Saturday, September 29, 2012

Carbon Tax: Won’t Reduce Deficit or Temperature


The Congressional Research Service (CRS) released a report that should be a cause for concern to all who believe in limited government. In it, CRS argues that a new tax on carbon could cut the deficit in half.
There is nothing special about a carbon tax in terms of raising revenue. CRS could have written that significantly increasing the income tax or payroll tax could cut the deficit in half. They could’ve written the same thing about instituting a new value-added tax as well.
But cutting the deficit isn’t as simple as increasing taxes. Higher taxes hurt the economy. CRS failed to mention the devastating impact that higher taxes would have on the economy. The extra revenue that would result from a carbon tax would certainly be lower than CRS estimates after considering the economic slowdown that would no doubt result.

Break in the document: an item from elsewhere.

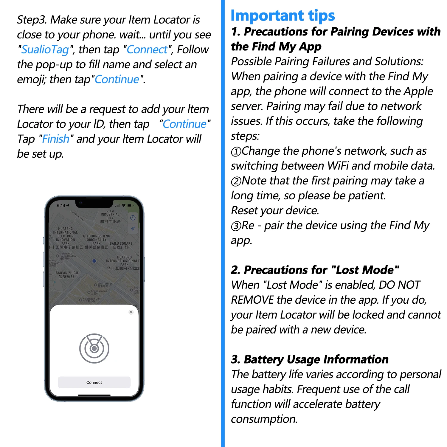• Possible Pairing Failures and Solutions: When pairing a device with the Find My app, the phone will connect to the Apple server. Pairing may fail due to network issues. If this occurs, take the following steps:

About 85 percent of America’s energy needs are met by fossil fuels. A carbon tax would directly raise the cost of electricity, gasoline, diesel fuel, and home heating oil. This would disproportionately hurt lower-income families, who spend nearly a quarter of their budgets on energy.
But the economic pain for consumers doesn’t stop there. Businesses, faced with higher energy costs, would pass those costs on to consumers. Higher sticker prices for products lower consumer demand, and as a result, businesses must cut production and jobs.
Supposedly, the goal of a carbon tax is to reduce carbon emissions and do something about global warming, not to raise extra revenue. However, reduction in carbon dioxide emissions would yield negligible benefits in terms of temperature reduction.